'Powerful forces' stopped disclosure of MPs' expenses

UK data watchdog Richard Thomas speaks out

The parliamentary expenses scandal, and the political furore engulfing the Government this weekend, was a direct result of politicians trying to hide their public affairs "behind closed doors", according to the man who first ordered the House of Commons to disclose MPs' spending.

Richard Thomas, the Information Commissioner, in his first interview since the staggering scale of the abuse of public money by MPs first emerged four weeks ago, said the "controversy" demonstrated the true power of the Freedom of Information Act.

Mr Thomas described the three-year struggle to publish MPs' expenses as a complex legal saga involving a battle against "powerful forces". He said: "The combination of the Freedom of Information Act and journalism had brought home the importance of transparency and accountability."

Speaking exclusively to The Independent on Sunday, Mr Thomas said: "The controversy shows the value of bringing into the open how public money is spent and the possibility of things not being done properly if people do things behind closed doors... It has put Freedom of Information on the map and transformed it from being a fragile flower to a permanent fixture."

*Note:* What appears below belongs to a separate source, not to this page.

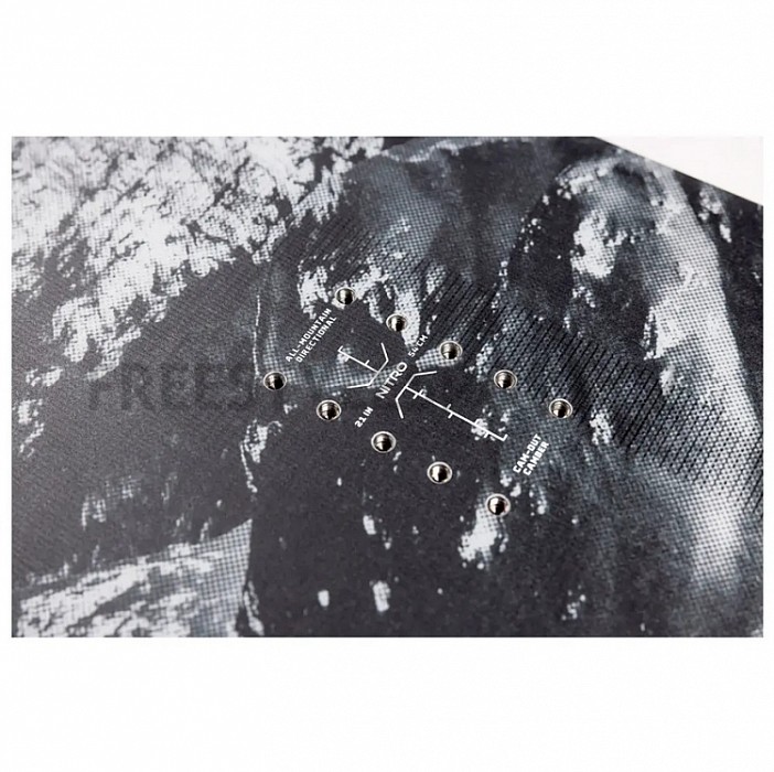 Sidecut: Dual Degressive - tento sidecut kombinuje menší rádius vykrojení uprostřed se dvěma většími na špičce a patě, díky čemuž je deska klidná a přitom hravá. Nejvíce odpouštějící sidecut v řadě Nitro desek.

Mr Thomas also said that, after such a high-profile public battle with the House of Commons, it would be "very difficult" for the Government or MPs to try to water down the legislation by introducing more exemptions. A private member's bill, tacitly sup- ported by the Government, would have exempted the Commons from the right-to-know laws, but in the end it failed to find a sponsor.

The Information Commissioner, who stands down at the end of this month after more than six years in the post, also defended his decision to order only restricted publication of MPs' expenses and not the disclosure of individual receipts for specific items.

"MPs are entitled to some privacy, but I think that it [the decision to publish figures under category headings only] would have enabled people to find out about things like 'flipping' [where MPs change the address of their main residence to claim more money] because, although addresses were not to be revealed, it would have been possible to know where the property was." He advocates publishing partial postcodes so the public would know roughly where the properties involved were.

In June 2007, Mr Thomas ruled that MPs must release details of how much taxpayers' money they claim for running a second home, under headings such as mortgages, food, service charges, utilities, telecoms bills, furnishings, cleaning, insurance and security. He said the public had a right to know more about the "additional expenses" claimed, but blocked disclosure of a full, itemised list of expenditure, saying it would invade the privacy of MPs and their families.

Mr Thomas said that the Commons was one of a number of "powerful forces" he was forced to battle. Others included the Government and the media. He named the controversy over the release of the Attorney General's advice on the Iraq war and the huge loss of personal information by HM Revenue and Customs as two defining moments of his time in his post.

"I am very proud about what we have done. I hope that we are respected for being serious about the targets we select. We get some good results."